Revel menyesal tidak menghapus video-video itu dari dulu. Semua file itu memang punya teman SMA-nya. Saat itu ia masih begitu labil. Di satu sisi ia tahu menonton video porno adalah dosa, tapi sudut lain hormonnya tidak bisa dinego. Revel sangat kesulitan menahan diri.

Dan seperti biasa, setelah ia menonton maka ia akan menyesal. Tangannya hendak menghapus file tersebut namun selalu saja tidak jadi. Setan akan membisikinya, "Nggak usah dihapus. Toh, kamu nggak akan nonton lagi. Ingat, kamu hanya menyimpan. Tidak akan menonton."

Setan memang paling lihai dalam membujuk manusia. Terlebih pada remaja labil yang hormonnya menggebu-gebu. Mau sekuat apapun Revel berusaha tidak tergoda, ujungnya pasti terjadi juga.

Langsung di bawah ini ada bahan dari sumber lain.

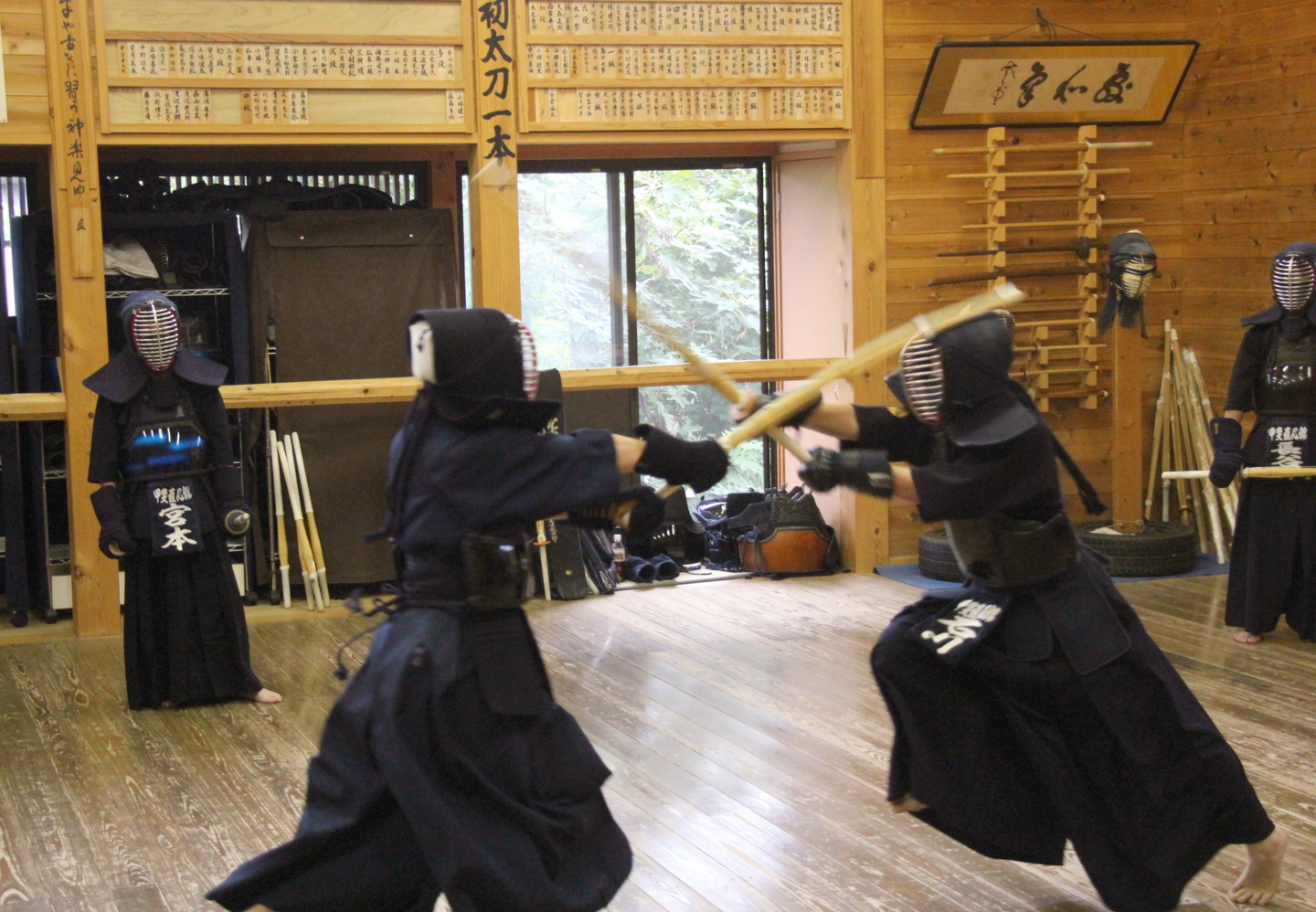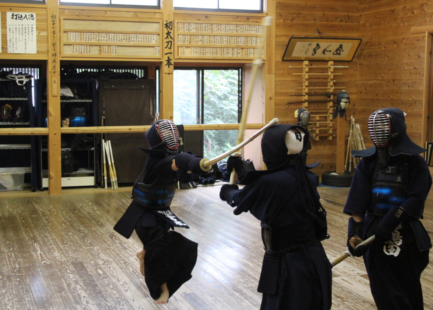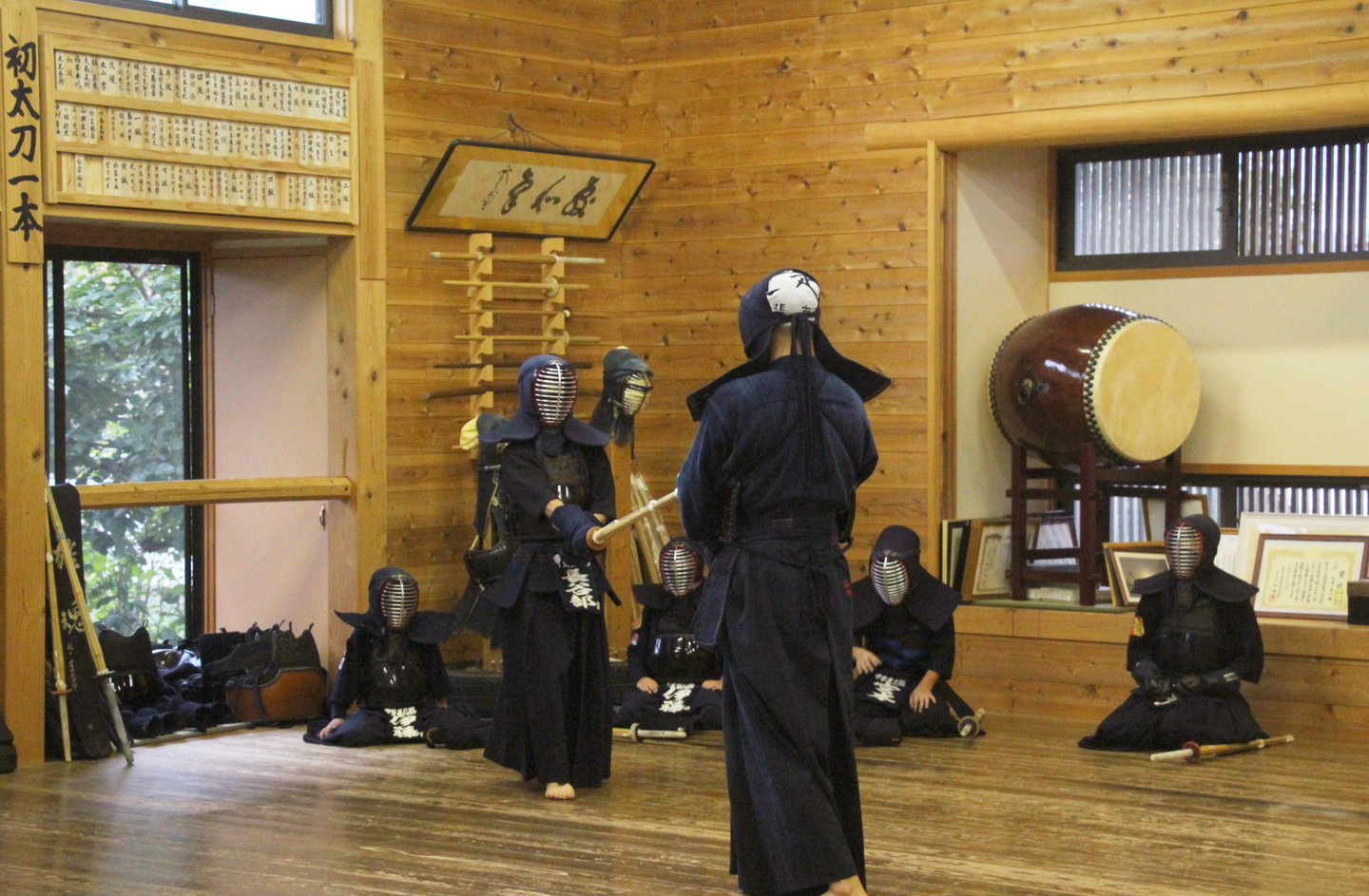 一人一人の発表を今回の教室では、竹刀打ちの場面にしました。一本目が面打ち、二本目が小手面打ち、三本目が面打ちです。
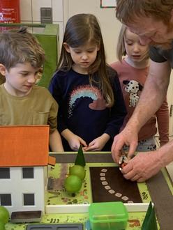 Herr Geisen hatte dazu eigens hierfür entwickelte, kindgerechte Modelle, zum Anfassen und Begreifen mitgebracht, wie das „BioMaZ“, ein Biomasse Zentrum im Kleinformat, und „Von wegen fauler Gurke – aus Biogut wird Energie“, um den Kindern den Biogut Kreislauf zu verdeutlichen. Dabei erfuhren die Kinder, warum Biogut nicht in den Restabfall gehört und wie aus diesem Wertstoff Energie und Kompost für das zu Hause entsteht. Der Biogut-Kreislauf wurde den Kindern spielerisch veranschaulicht und begeisterte die Mädchen und Jungen sowie die Pädagog*Innen gleichermaßen.
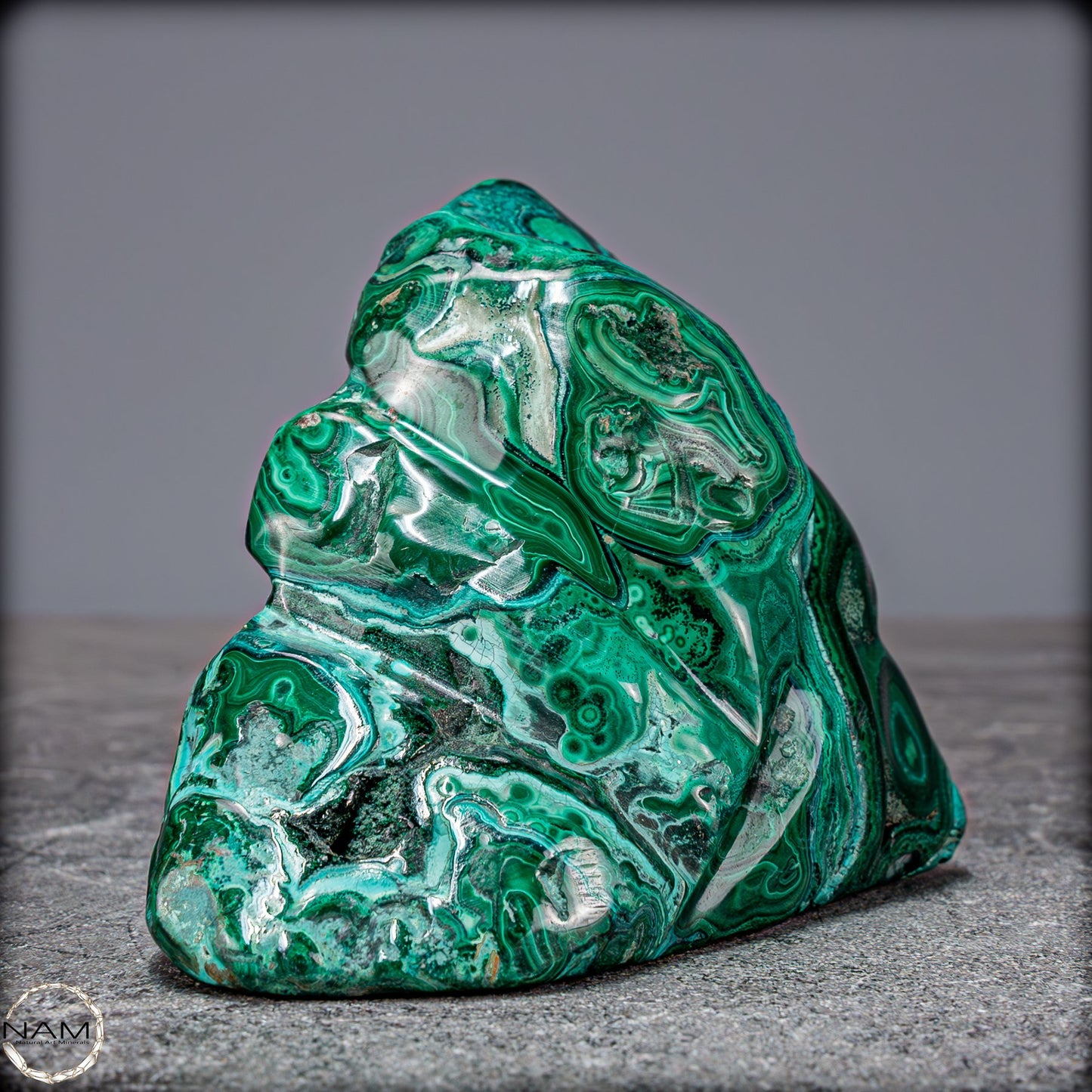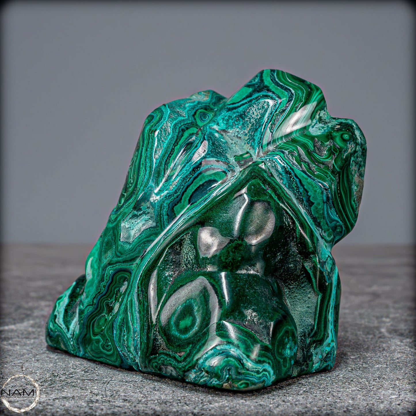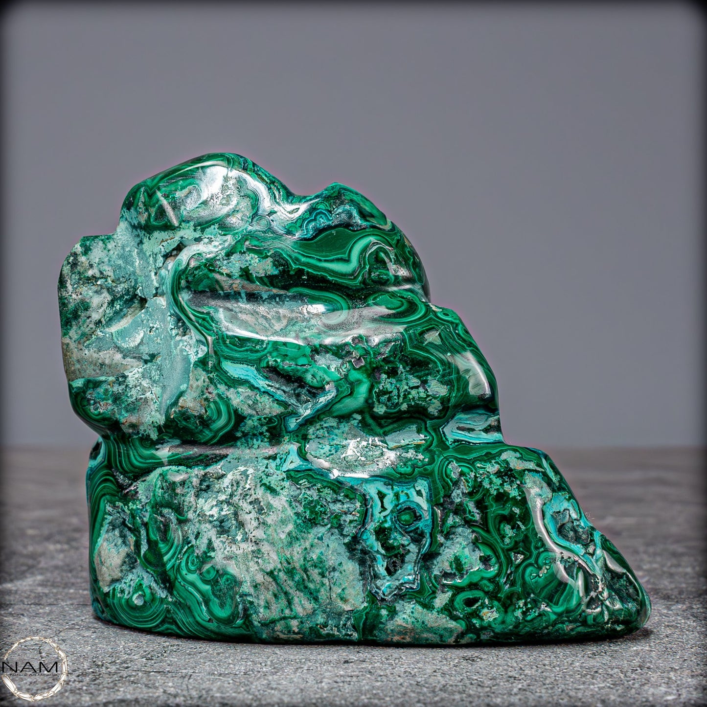 Ideal als dekoratives Herzstück in jedem Raum bringt dieses Kunstwerk nicht nur ästhetischen Genuss, sondern auch die beruhigende Energie beider Edelsteine. Malachit wird oft als Stein des Schutzes angesehen, während Chrysokolla für Harmonie und Frieden steht. Ob für Sammler, Edelsteinliebhaber oder als besonderes Geschenk, diese Freiform ist ein unvergleichliches Symbol der Schönheit und Kraft der Natur.
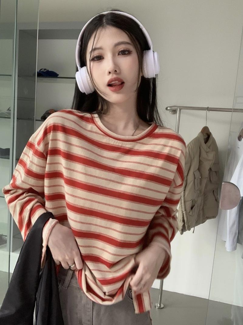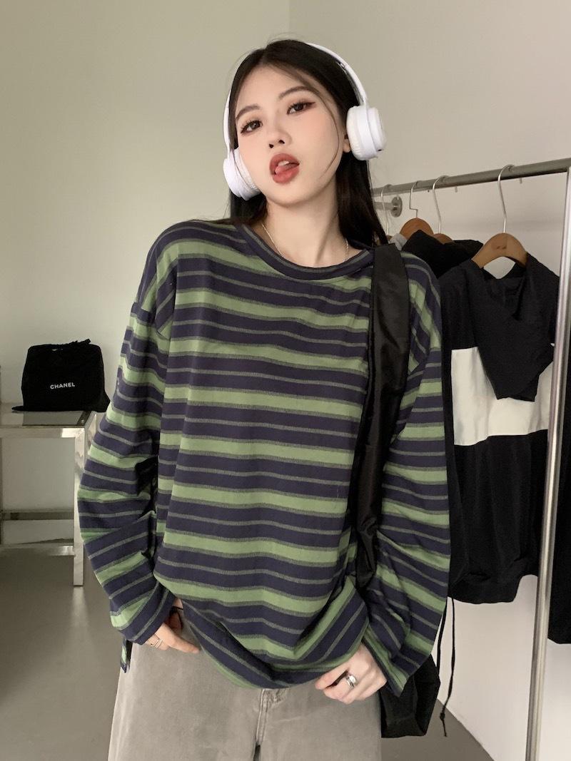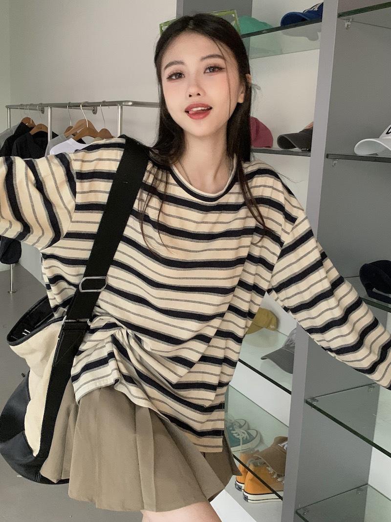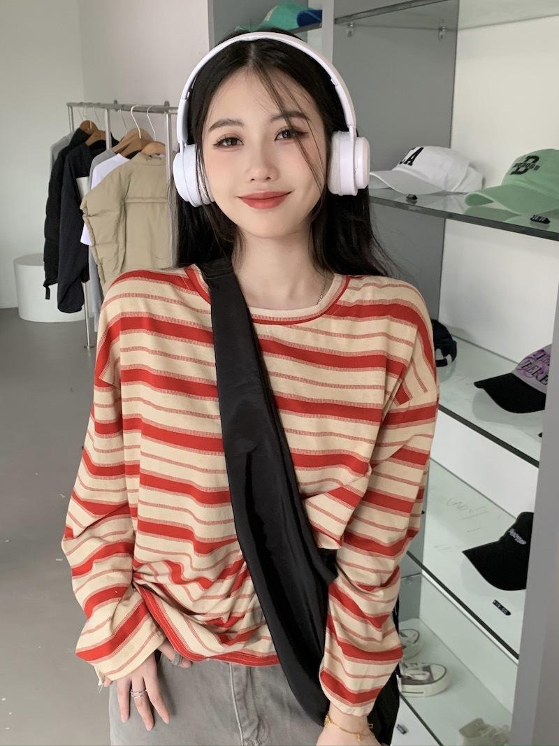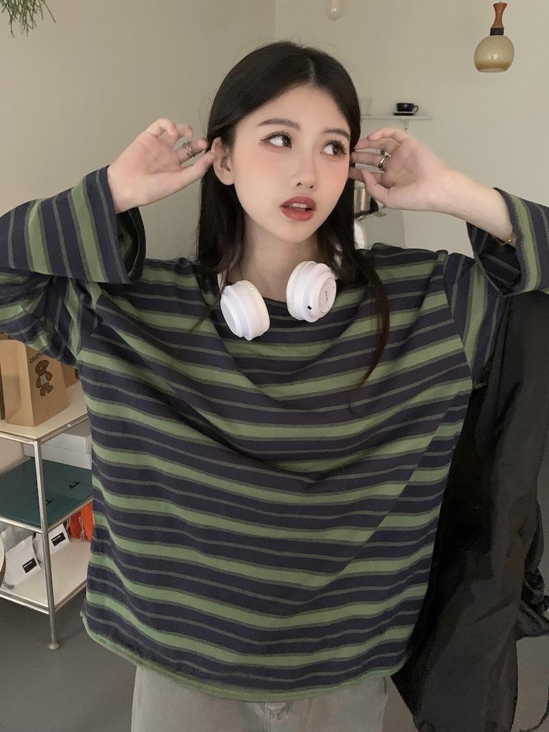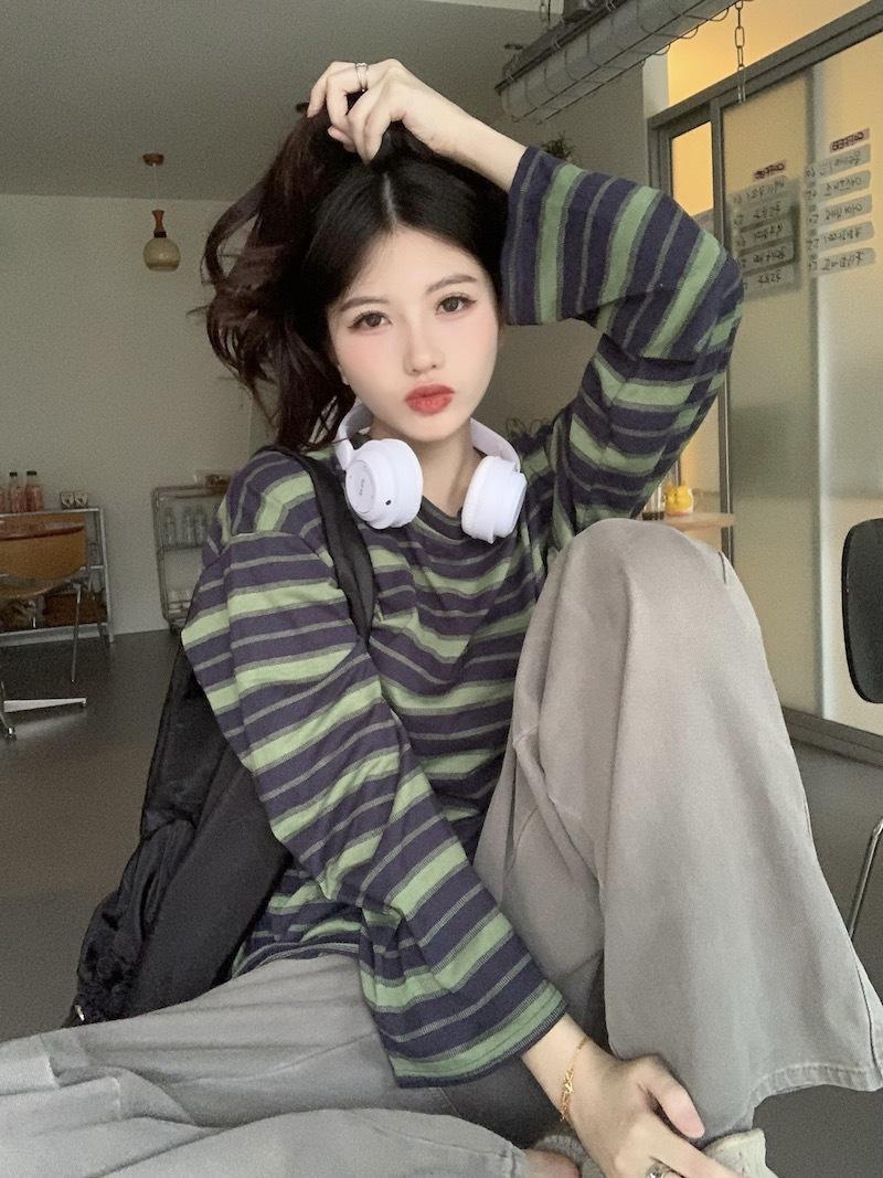 Playera de manga larga a rayas con cuello redondo para mujer, Primavera y Otoño 2025, Nuevo sentido del diseño, Holgada, Adelgazante, Casual, Estudiante, Top dividido
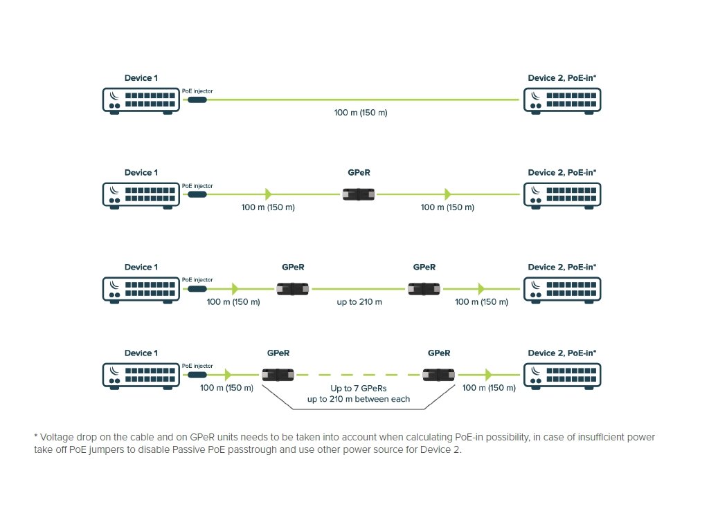 GPeR je součástí Mikrotik GPEN (Gigabit Passive Ethernet Network) konceptu, jež nabízí levnější alternativu k GPON instalacím.Opakovač umožňuje rozšíření dosahu Ethernet sítě o další skok (až <100-150m standardní sítě, až 210m při nasazení další GPeR jednotky) až na 1500m.
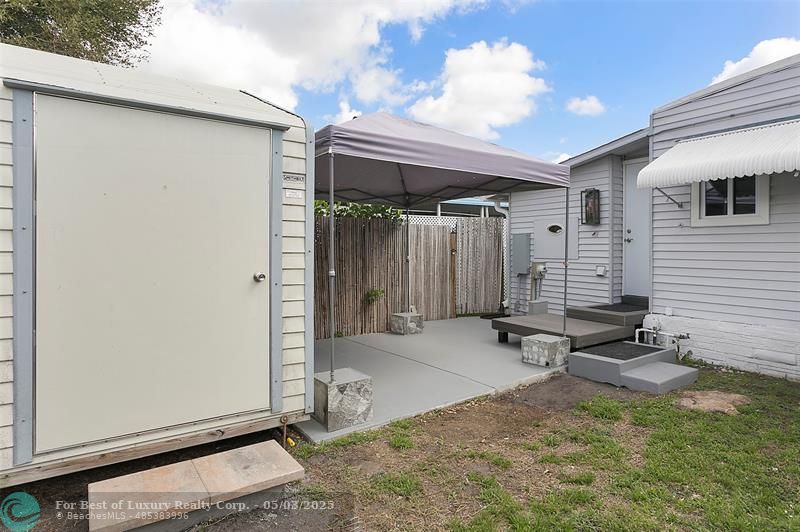 - Exterior Features: Shed, Storm/ Security Shutters
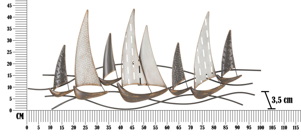 Pannello decorativo 3D in metallo con delle barche a vela che solcano il mare. Un tocco di libertà per ogni ambiente.
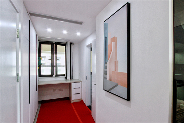 入門的另一端則是小書桌與衛生間,正面墻的衣柜將所有衣物整潔收納,同時又與墻面形成整體。
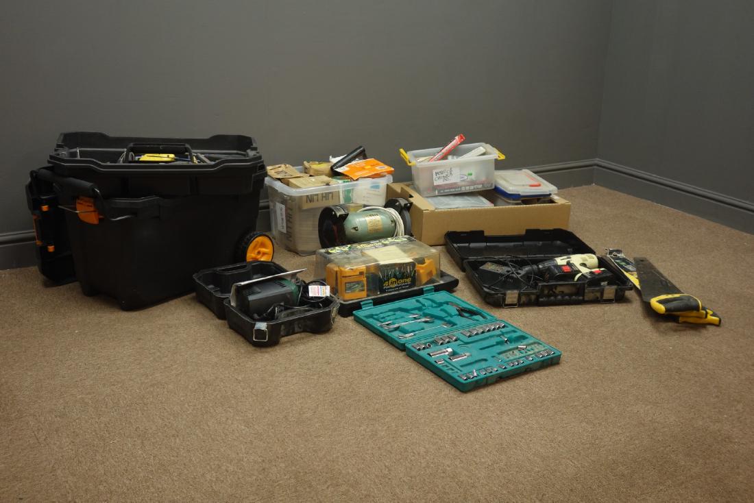 A Bosch Hand Saw Parkside Bench Grinder Socket Set And A Bench Vice

"Nggak usah ditonton semua. Satu saja cukup. Supaya tuntas rasa penasaranmu."

...

"Wajar kalau kau nonton yang begini. Memang sedang masanya, kok."

...

"Mending mana? Bersolo atau melibatkan gadis? Tentu saja lebih baik sendirian. Setidaknya kamu tidak akan merusak anak orang."

...

"Puas-puaskan selagi muda. Nanti kalau sudah dewasa, repot. Masak iya mau tetap begini padahal sudah punya istri."

...

"Hari ini yang terakhir, kok. Besok benar-benar akan berhenti. Oke?"

...

Seperti itulah buaian makhluk terkutuk itu. Revel bingung mengapa susah sekali melawannya. Kalau sedang tidak berhasrat, ia justru merasa jijik. Apa-apaan nonton begituan? Bikin otak rusak!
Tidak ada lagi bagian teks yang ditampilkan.